What this task involves:
The response should contain only the line with "Стул Signal ELTON, цвет" and every line after it to the end of the listing below, duplicated exactly; no picture belongs in it.

Information:
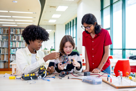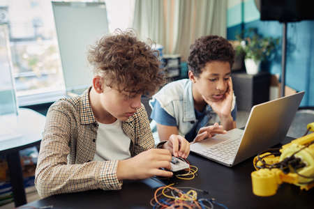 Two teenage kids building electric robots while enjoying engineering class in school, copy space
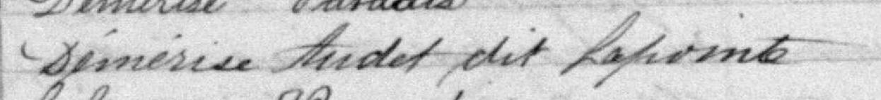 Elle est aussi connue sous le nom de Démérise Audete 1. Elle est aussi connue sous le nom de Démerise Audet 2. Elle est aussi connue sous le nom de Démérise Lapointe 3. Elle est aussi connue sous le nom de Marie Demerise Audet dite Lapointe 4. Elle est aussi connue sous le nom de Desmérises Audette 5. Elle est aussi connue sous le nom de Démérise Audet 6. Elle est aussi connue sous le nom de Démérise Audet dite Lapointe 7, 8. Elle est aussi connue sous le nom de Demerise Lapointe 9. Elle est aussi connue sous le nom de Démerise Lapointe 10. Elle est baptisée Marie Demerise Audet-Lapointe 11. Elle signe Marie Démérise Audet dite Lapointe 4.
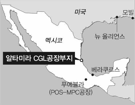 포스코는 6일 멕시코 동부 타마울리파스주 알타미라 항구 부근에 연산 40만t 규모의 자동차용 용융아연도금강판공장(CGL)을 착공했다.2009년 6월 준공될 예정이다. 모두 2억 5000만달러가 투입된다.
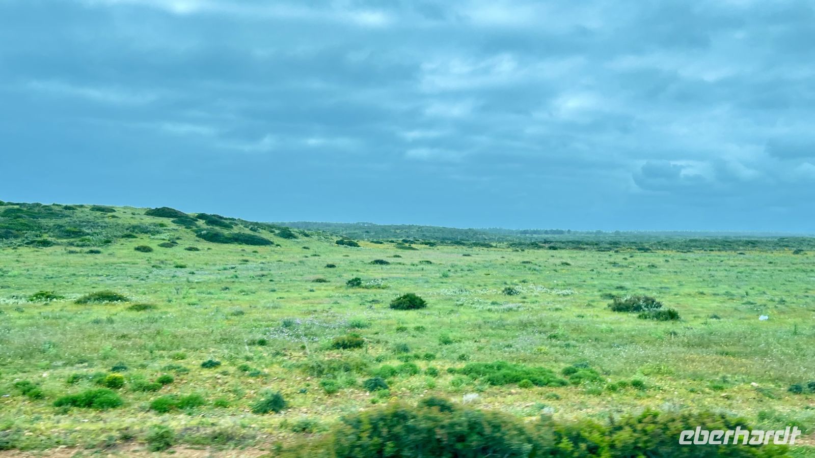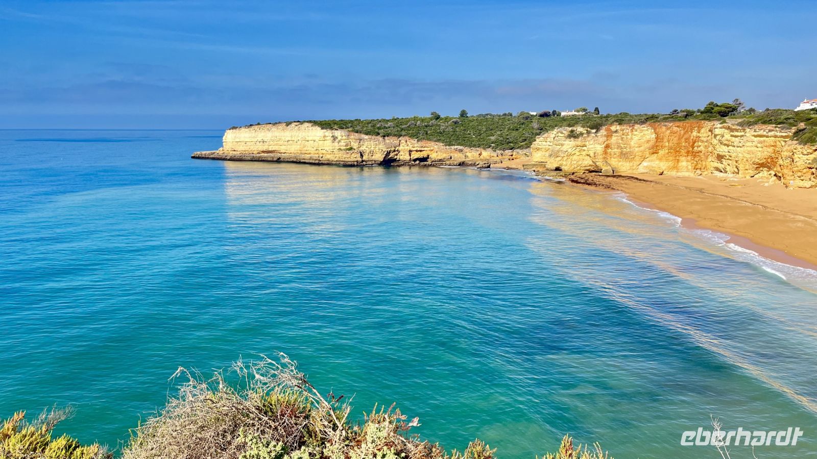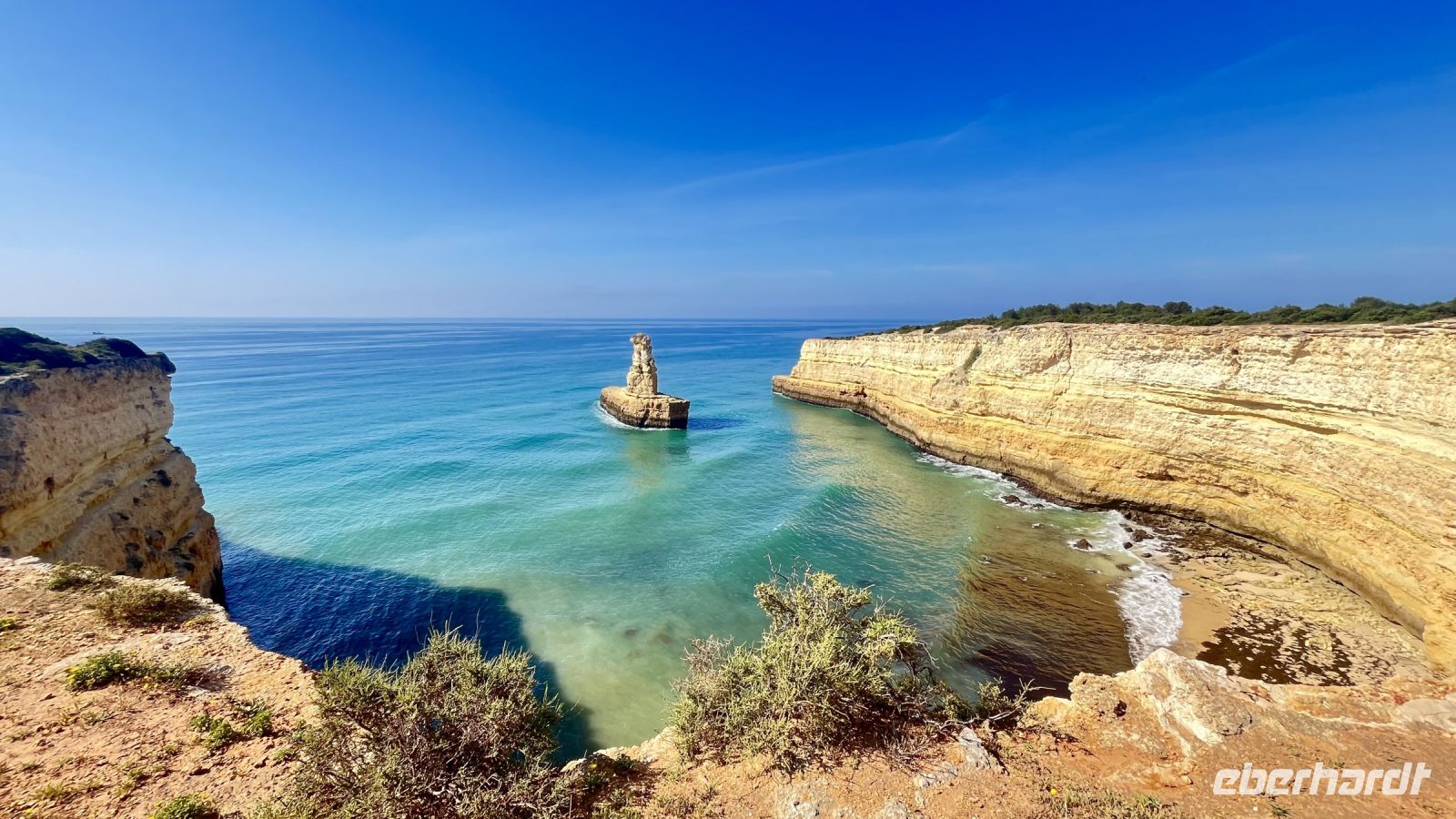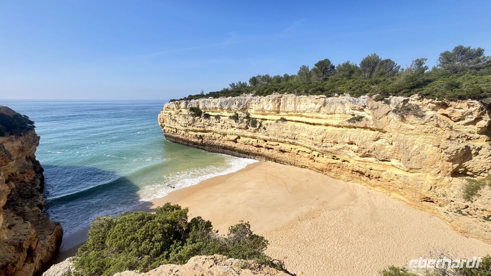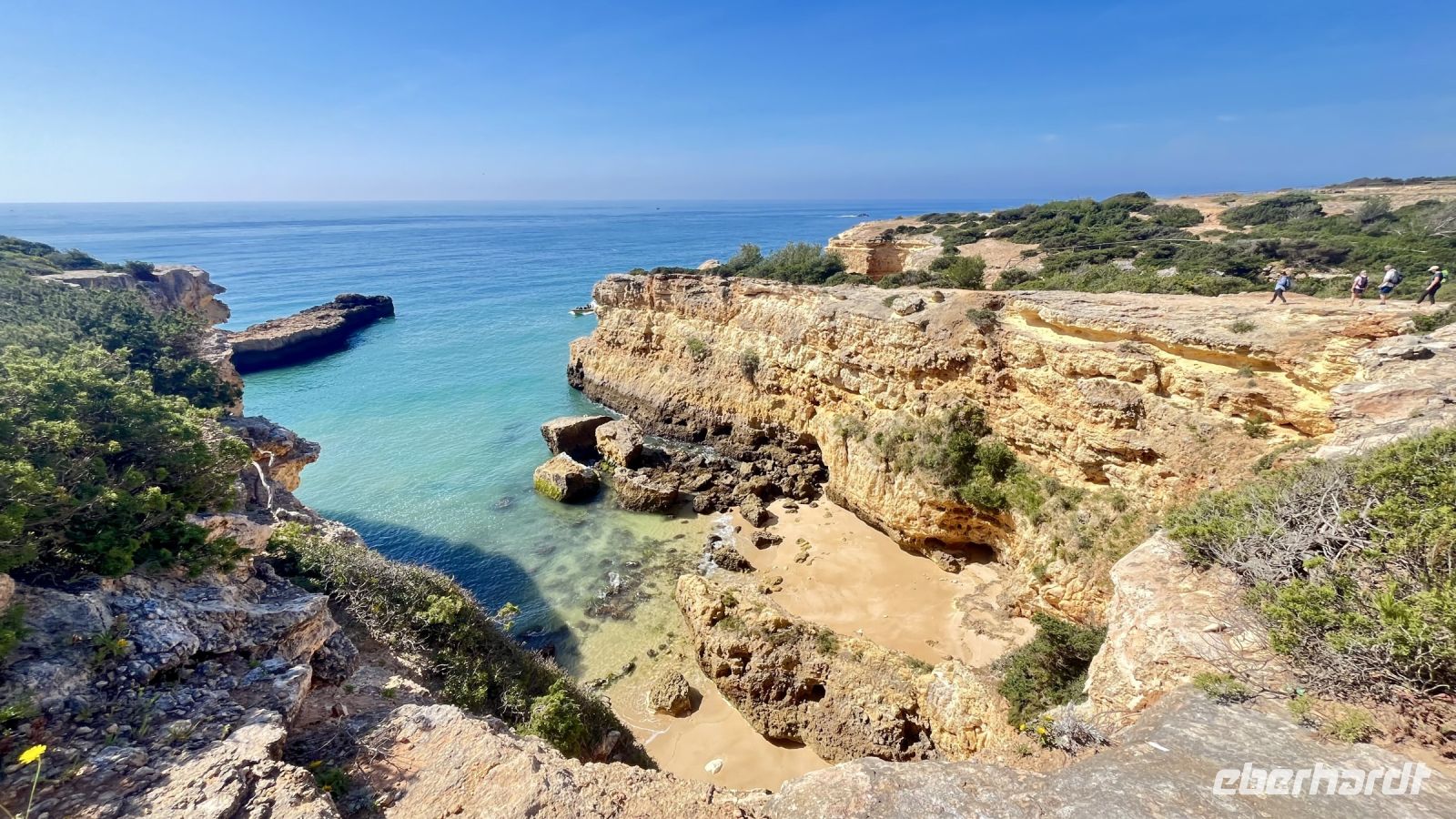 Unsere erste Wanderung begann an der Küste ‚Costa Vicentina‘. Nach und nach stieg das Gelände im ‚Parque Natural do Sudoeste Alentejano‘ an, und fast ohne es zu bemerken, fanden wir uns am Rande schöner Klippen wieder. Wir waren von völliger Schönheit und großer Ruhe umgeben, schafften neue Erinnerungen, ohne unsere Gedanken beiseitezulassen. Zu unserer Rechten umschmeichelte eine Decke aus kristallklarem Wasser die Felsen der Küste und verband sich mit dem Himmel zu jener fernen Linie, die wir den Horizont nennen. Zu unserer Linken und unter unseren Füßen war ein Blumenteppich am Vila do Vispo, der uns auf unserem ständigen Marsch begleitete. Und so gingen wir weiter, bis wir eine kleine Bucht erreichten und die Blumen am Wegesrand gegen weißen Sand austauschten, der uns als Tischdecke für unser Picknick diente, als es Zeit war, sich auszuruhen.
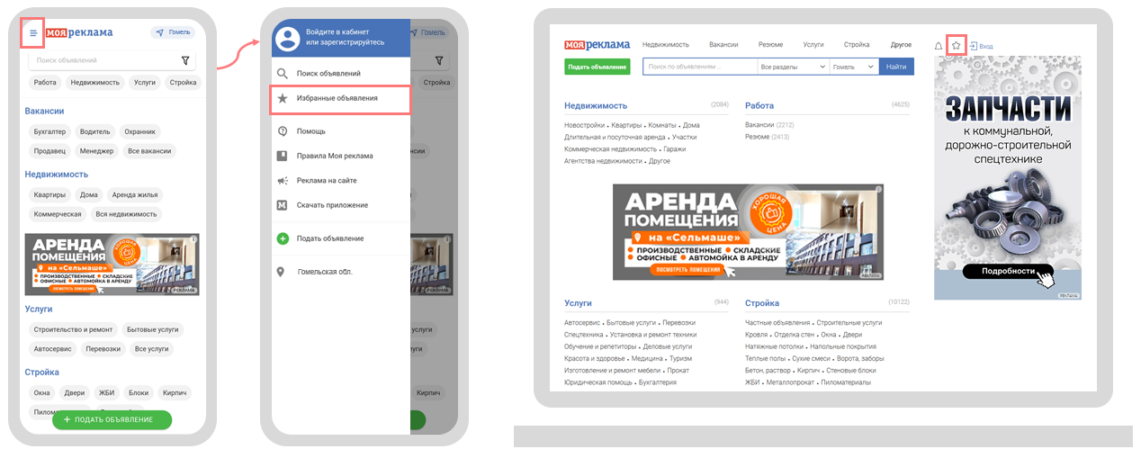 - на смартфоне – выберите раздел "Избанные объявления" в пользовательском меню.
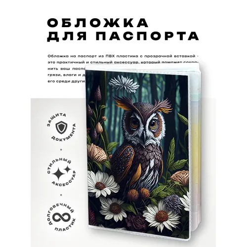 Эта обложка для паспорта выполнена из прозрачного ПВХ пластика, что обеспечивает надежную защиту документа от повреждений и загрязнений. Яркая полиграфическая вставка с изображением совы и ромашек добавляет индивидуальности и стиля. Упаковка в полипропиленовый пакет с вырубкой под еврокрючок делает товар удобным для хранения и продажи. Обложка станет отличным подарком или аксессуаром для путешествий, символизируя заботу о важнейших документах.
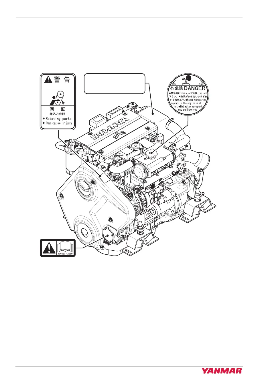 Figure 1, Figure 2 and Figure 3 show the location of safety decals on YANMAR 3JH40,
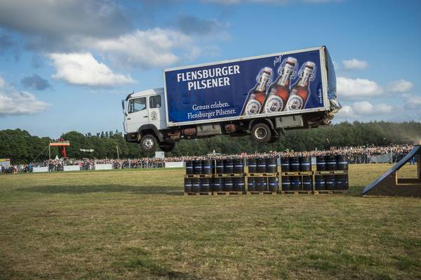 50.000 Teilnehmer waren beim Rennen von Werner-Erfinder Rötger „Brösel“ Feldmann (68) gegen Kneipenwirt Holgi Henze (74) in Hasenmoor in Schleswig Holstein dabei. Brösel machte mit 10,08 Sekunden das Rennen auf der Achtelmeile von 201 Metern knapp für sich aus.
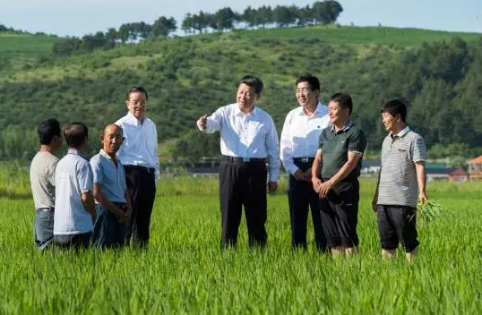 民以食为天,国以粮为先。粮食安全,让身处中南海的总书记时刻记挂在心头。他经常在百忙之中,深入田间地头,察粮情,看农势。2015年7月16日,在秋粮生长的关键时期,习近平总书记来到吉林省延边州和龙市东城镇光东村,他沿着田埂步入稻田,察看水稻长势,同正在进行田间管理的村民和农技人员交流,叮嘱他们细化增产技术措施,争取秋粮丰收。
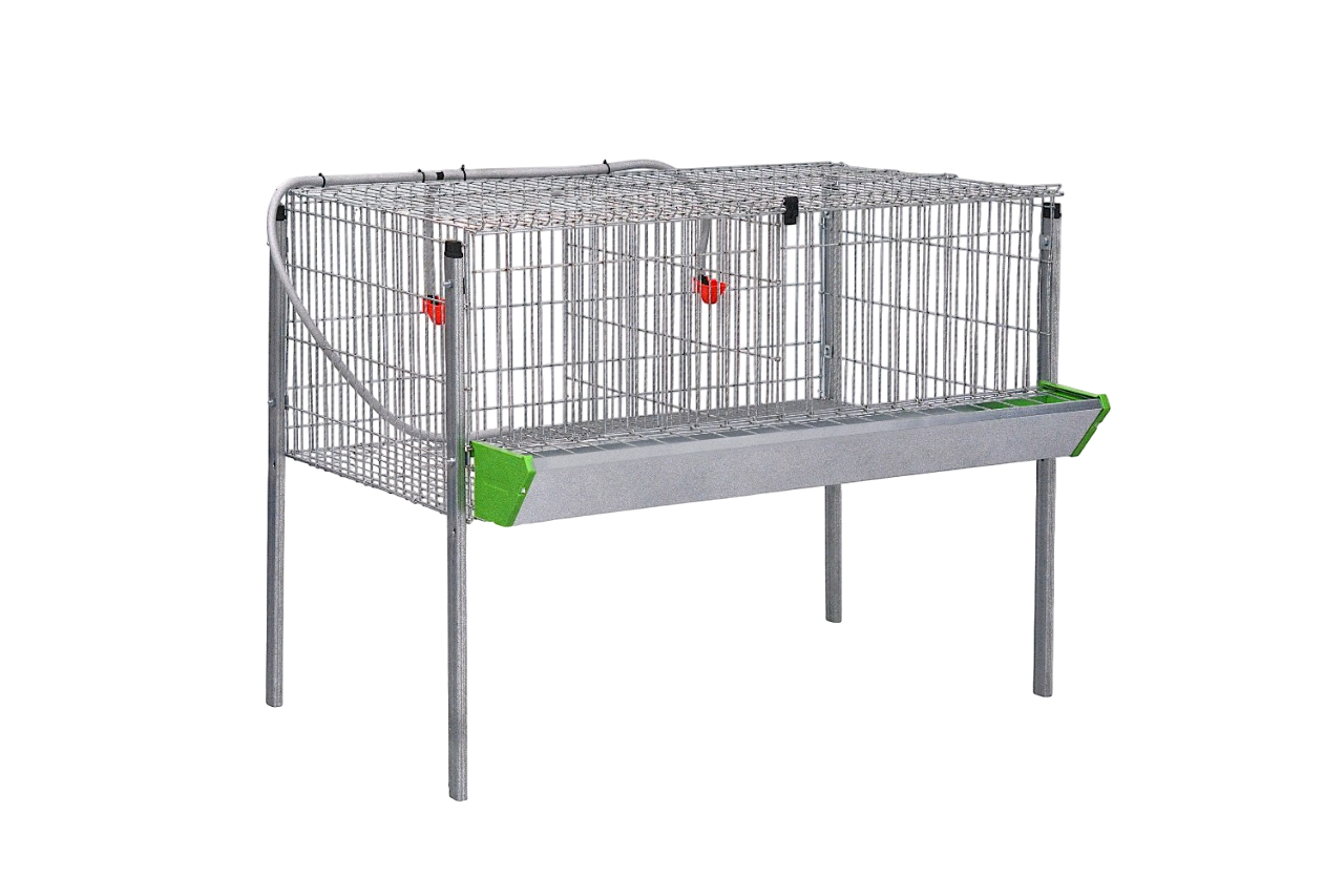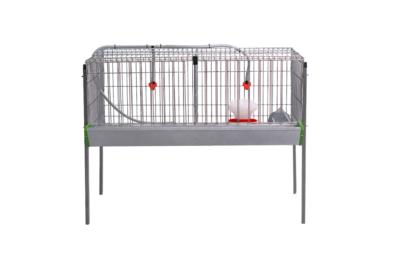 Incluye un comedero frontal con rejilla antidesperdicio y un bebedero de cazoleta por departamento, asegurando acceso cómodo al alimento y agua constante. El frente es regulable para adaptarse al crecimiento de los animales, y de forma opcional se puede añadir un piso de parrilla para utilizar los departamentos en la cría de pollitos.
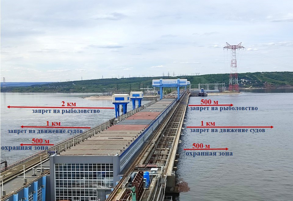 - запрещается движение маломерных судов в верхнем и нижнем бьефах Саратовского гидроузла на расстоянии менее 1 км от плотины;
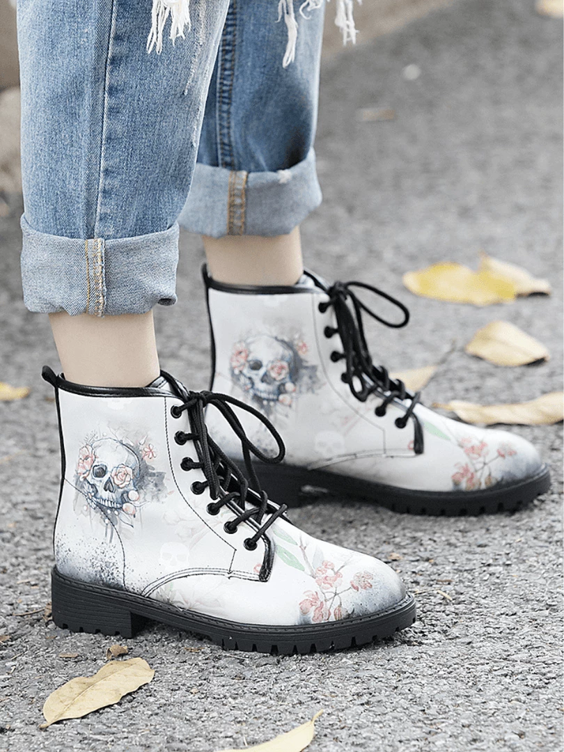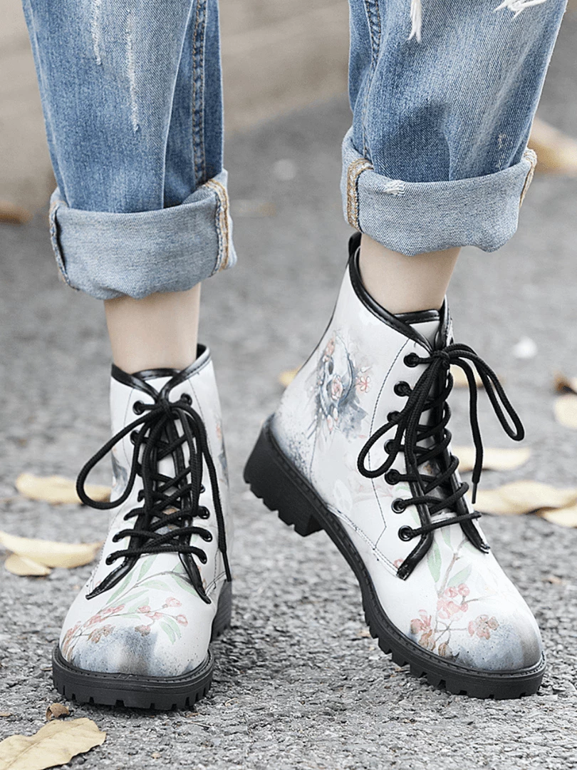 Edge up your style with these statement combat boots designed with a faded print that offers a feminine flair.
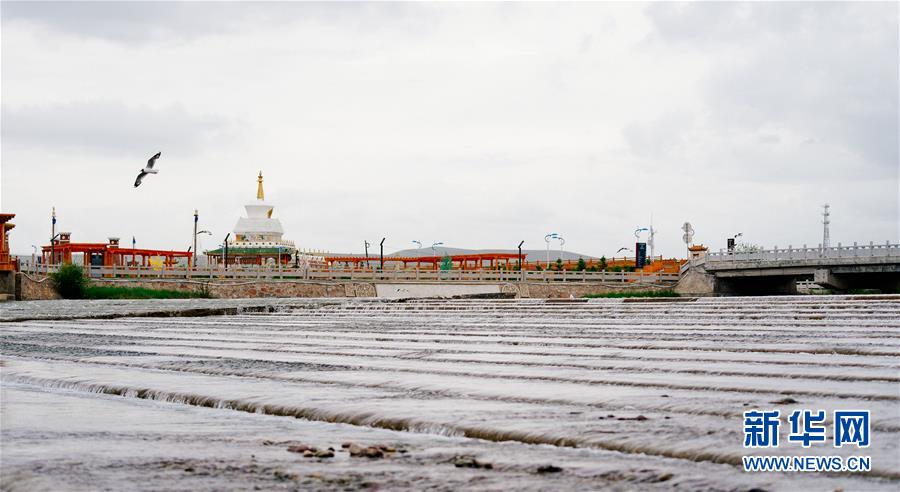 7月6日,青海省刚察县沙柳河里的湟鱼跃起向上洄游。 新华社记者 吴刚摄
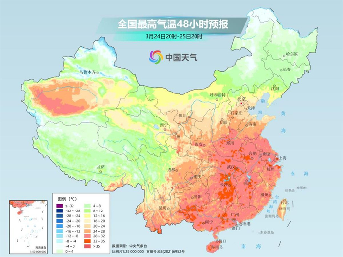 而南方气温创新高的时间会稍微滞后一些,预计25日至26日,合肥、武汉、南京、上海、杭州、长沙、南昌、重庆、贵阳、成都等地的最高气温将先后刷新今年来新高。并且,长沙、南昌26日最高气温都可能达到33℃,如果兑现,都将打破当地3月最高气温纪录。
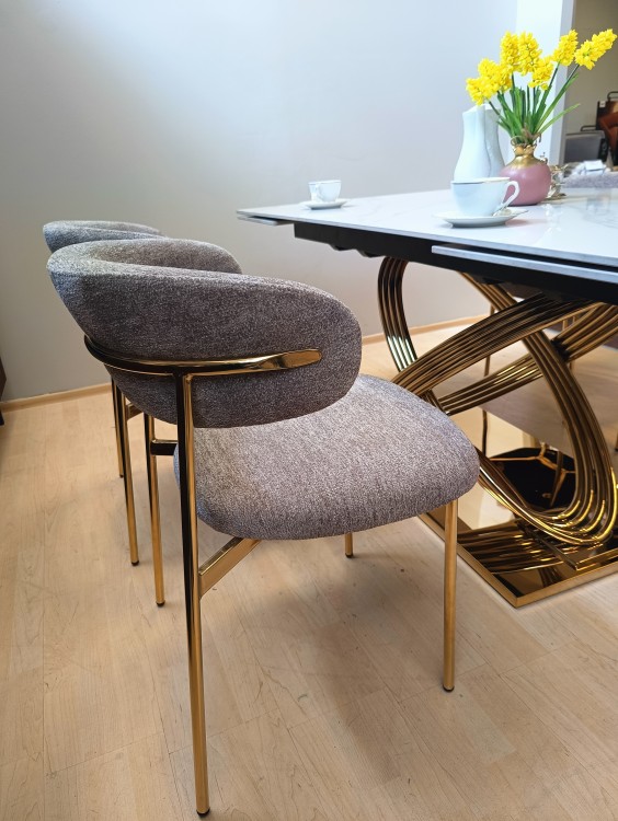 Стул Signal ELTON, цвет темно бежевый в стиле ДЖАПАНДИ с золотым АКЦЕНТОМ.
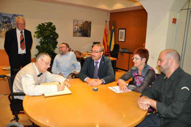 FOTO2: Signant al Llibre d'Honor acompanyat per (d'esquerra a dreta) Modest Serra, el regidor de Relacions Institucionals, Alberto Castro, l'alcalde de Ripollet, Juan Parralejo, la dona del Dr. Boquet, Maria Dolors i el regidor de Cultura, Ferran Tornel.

Written answer:
 Стул Signal ELTON, цвет темно бежевый в стиле ДЖАПАНДИ с золотым АКЦЕНТОМ.
 FOTO2: Signant al Llibre d'Honor acompanyat per (d'esquerra a dreta) Modest Serra, el regidor de Relacions Institucionals, Alberto Castro, l'alcalde de Ripollet, Juan Parralejo, la dona del Dr. Boquet, Maria Dolors i el regidor de Cultura, Ferran Tornel.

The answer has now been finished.